» WORK TO BE COMPLETED
Provide only the number of lines below in which the string "فرزندان" occurs.

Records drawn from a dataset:
┌────────

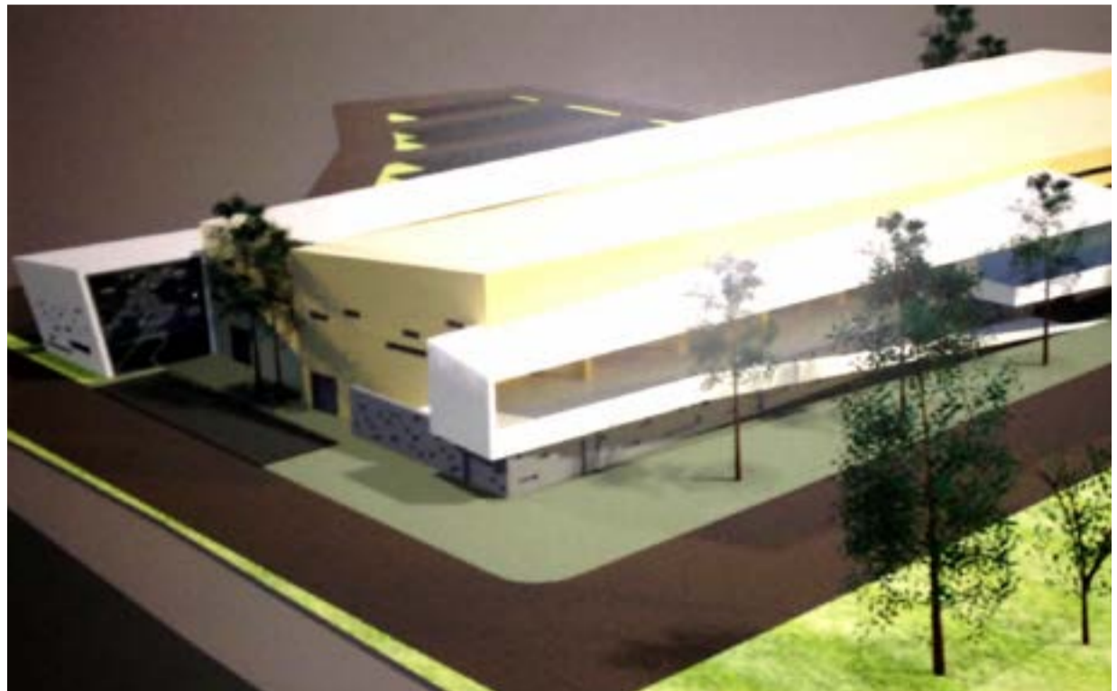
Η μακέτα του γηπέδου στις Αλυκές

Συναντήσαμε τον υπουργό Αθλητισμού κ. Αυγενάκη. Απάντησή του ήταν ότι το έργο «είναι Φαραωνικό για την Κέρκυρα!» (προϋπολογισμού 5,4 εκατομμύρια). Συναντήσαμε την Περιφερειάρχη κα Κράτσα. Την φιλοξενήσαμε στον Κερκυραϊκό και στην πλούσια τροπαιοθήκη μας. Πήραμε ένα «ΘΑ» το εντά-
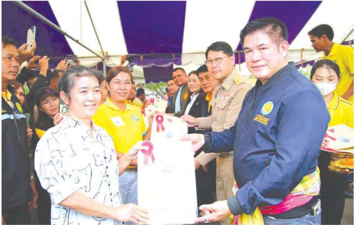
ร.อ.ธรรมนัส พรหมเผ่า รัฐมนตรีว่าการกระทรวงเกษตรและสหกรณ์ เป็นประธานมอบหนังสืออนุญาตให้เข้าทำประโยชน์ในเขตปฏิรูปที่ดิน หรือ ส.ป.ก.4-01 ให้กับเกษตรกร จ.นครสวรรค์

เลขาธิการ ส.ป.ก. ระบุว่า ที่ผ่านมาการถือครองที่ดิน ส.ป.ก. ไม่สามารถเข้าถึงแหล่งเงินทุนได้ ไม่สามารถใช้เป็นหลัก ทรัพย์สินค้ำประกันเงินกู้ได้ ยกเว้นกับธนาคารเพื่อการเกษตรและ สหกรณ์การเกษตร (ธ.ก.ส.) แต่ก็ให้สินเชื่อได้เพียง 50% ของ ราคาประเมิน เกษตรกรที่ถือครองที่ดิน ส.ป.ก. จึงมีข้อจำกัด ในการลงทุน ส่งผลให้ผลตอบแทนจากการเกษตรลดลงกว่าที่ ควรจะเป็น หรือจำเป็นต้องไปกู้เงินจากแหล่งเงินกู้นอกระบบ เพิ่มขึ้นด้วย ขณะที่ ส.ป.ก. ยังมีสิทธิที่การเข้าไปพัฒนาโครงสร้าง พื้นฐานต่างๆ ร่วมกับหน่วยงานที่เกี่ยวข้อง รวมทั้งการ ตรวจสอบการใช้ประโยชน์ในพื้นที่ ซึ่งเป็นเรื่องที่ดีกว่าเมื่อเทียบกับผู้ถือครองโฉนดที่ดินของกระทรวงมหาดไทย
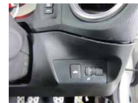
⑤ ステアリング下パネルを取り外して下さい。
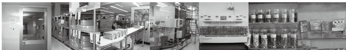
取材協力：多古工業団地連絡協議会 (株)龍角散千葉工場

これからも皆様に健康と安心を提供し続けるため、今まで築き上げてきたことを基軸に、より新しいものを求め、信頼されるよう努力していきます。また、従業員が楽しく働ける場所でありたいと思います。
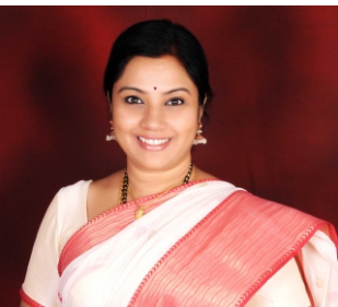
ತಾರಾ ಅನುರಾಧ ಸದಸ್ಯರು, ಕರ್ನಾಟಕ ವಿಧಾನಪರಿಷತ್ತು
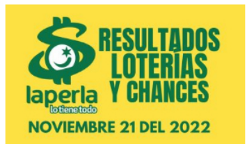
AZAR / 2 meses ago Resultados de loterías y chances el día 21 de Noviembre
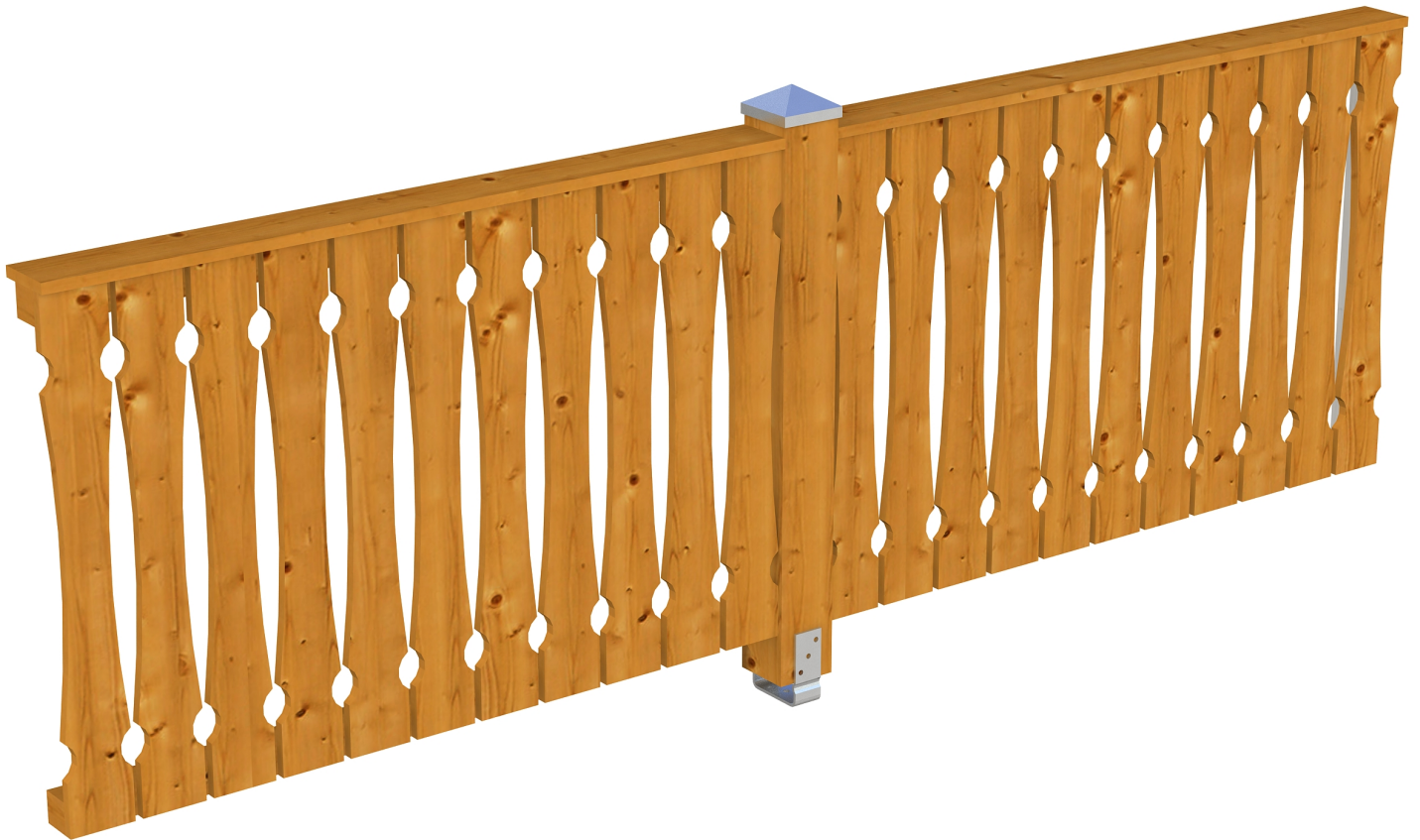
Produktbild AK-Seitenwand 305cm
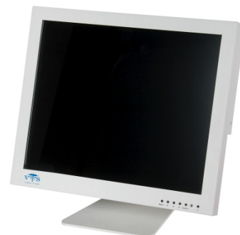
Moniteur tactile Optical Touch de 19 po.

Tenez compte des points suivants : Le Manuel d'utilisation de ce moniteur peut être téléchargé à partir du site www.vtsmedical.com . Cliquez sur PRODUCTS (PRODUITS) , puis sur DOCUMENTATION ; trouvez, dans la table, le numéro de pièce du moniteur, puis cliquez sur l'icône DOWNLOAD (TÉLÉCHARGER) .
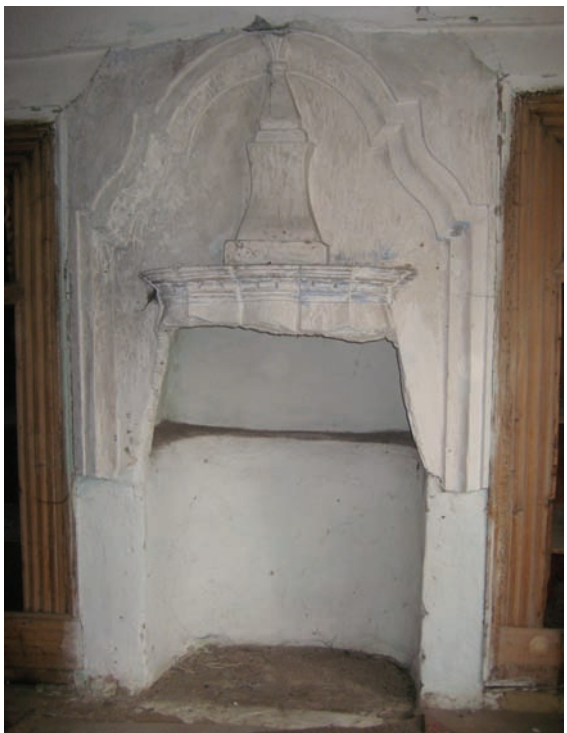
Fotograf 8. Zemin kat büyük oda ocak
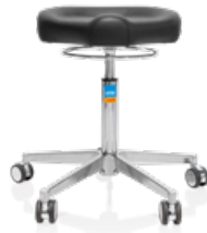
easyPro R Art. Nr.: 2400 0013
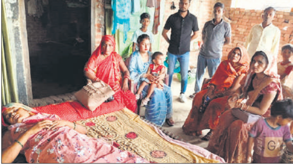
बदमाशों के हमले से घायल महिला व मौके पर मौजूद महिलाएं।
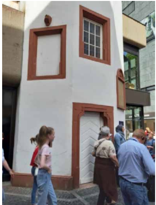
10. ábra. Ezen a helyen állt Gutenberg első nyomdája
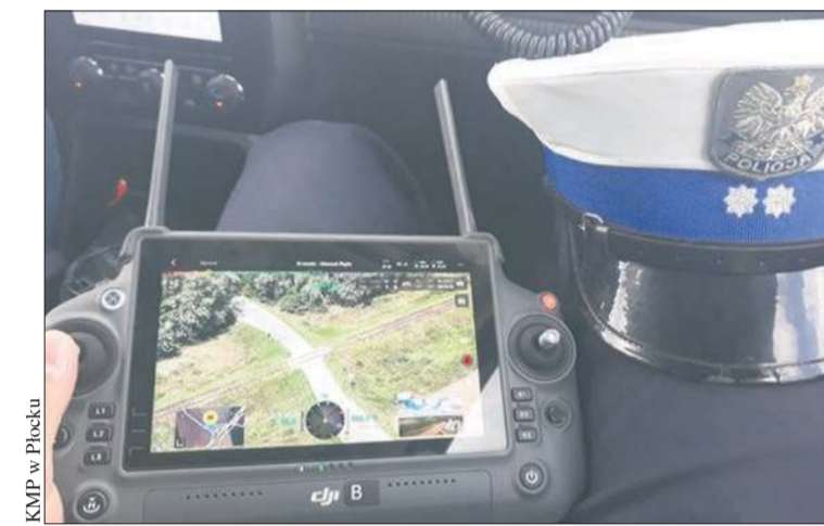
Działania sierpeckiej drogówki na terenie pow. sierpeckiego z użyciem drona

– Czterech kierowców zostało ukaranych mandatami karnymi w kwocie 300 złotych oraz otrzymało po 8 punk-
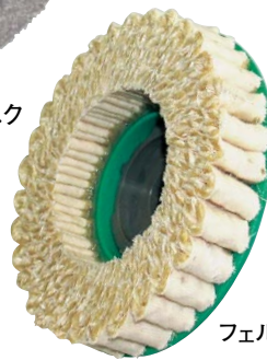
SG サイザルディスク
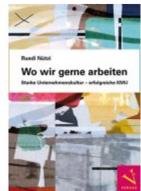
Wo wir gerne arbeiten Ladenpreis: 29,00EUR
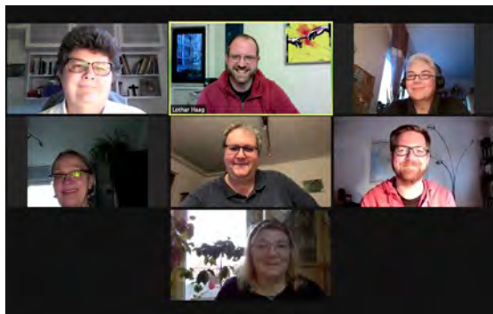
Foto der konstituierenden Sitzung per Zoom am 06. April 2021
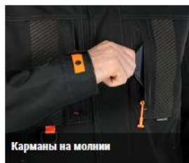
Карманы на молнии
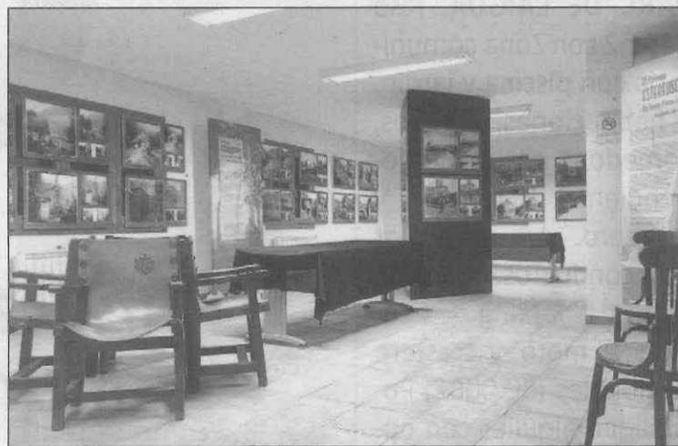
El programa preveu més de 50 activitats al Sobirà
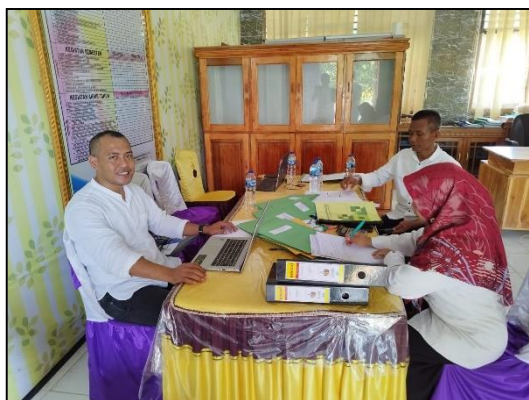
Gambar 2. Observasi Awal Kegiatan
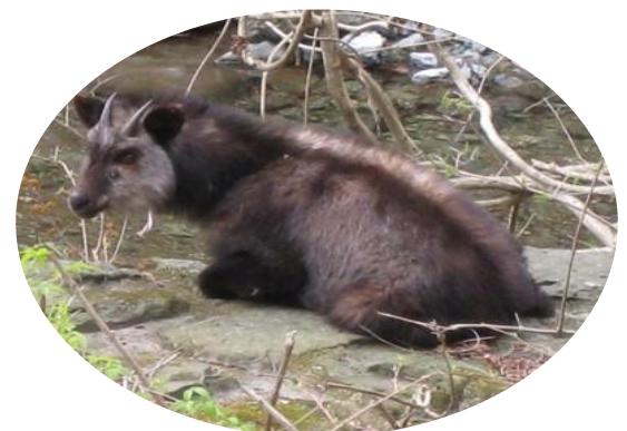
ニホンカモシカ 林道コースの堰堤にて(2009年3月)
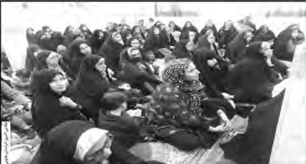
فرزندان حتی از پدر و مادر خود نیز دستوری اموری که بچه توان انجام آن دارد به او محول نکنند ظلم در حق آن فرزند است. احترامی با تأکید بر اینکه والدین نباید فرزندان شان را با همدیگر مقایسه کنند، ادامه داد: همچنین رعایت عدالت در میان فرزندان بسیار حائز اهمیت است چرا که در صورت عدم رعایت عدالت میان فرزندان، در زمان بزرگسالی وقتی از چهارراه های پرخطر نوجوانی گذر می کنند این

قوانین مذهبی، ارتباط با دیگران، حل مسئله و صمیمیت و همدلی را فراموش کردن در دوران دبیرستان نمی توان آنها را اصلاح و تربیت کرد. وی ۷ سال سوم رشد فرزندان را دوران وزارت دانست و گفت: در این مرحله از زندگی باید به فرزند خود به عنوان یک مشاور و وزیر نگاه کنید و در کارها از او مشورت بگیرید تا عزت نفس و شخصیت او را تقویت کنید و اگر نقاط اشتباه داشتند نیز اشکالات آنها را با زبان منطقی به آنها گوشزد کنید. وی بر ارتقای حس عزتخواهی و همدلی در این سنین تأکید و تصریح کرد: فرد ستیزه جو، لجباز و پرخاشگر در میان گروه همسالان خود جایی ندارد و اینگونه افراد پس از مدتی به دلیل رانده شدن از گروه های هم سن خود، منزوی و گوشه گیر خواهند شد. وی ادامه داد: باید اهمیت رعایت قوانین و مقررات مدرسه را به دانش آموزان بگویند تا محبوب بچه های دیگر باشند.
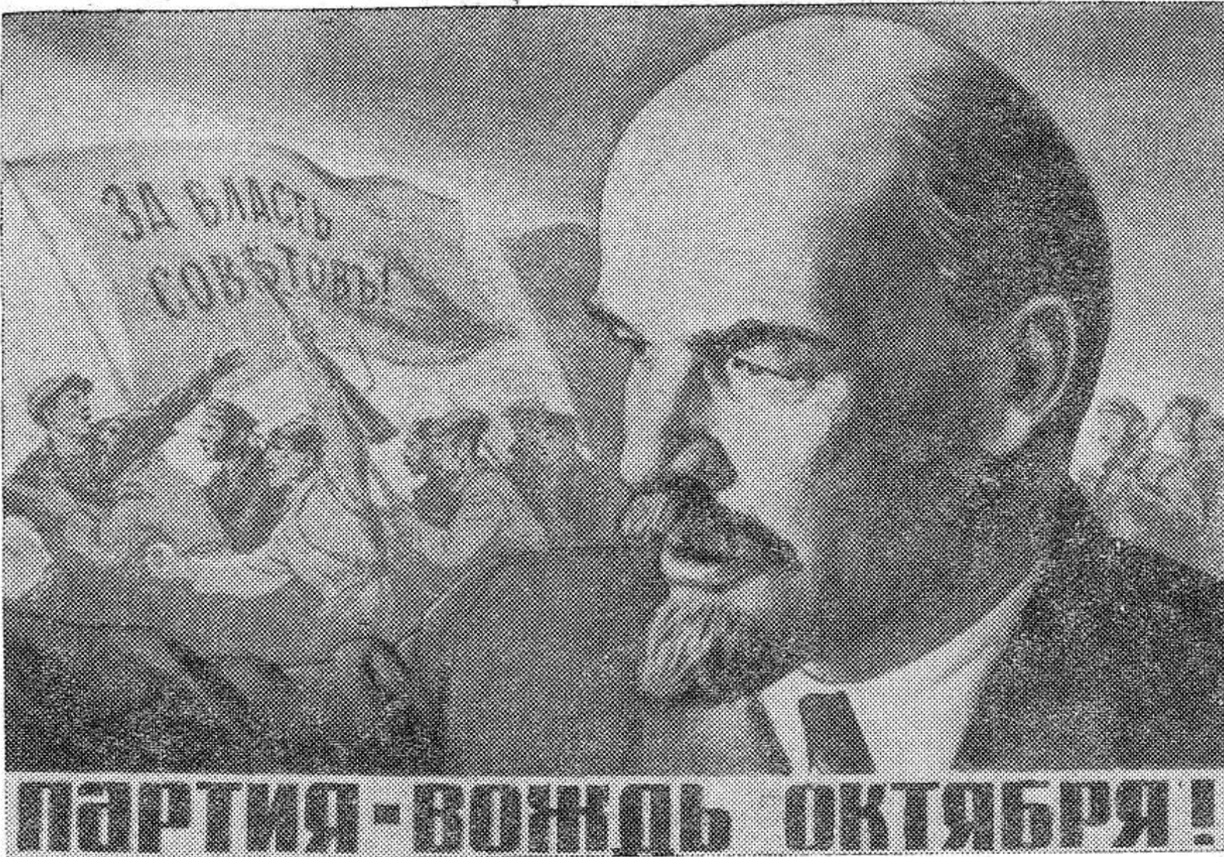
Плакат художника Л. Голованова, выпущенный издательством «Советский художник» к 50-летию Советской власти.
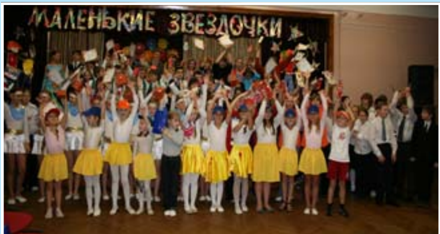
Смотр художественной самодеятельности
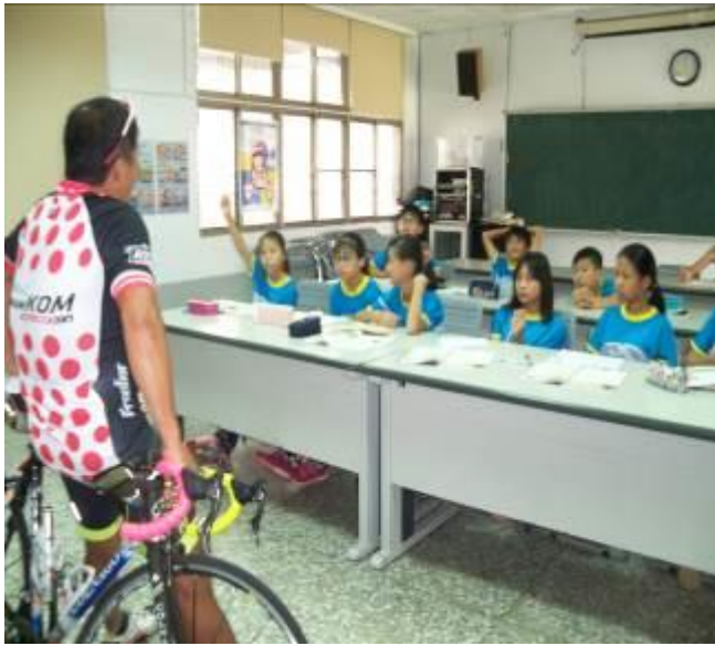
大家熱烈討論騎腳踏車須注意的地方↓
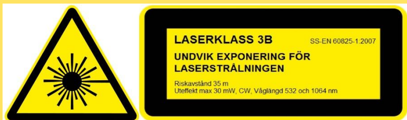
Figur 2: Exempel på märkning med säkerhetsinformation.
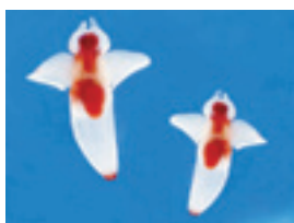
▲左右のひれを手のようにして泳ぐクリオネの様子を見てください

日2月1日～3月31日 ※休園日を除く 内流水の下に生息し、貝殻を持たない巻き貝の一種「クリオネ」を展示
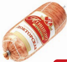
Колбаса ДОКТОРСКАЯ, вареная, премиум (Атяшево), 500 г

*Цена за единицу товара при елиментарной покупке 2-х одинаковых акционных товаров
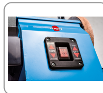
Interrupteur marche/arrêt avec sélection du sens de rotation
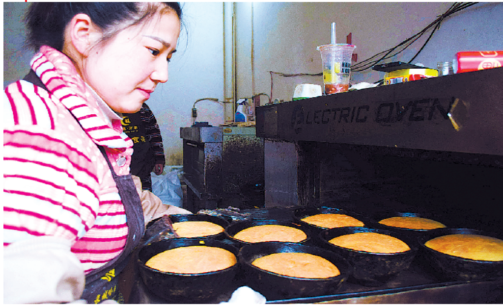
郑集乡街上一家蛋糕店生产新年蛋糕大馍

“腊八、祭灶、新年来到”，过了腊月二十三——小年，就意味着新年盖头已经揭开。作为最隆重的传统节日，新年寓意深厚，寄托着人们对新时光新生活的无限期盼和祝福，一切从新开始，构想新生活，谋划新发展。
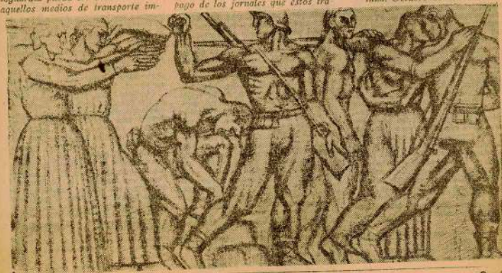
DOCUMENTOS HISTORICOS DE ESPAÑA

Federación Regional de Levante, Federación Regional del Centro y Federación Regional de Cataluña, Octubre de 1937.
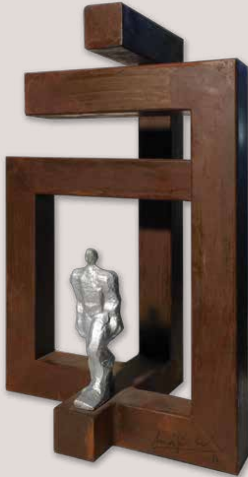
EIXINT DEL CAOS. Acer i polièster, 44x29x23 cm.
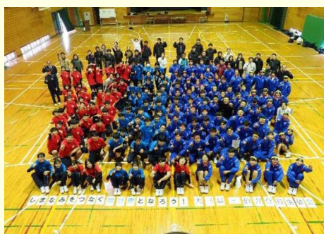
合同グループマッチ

└────────

» EXERCISE ANSWER
2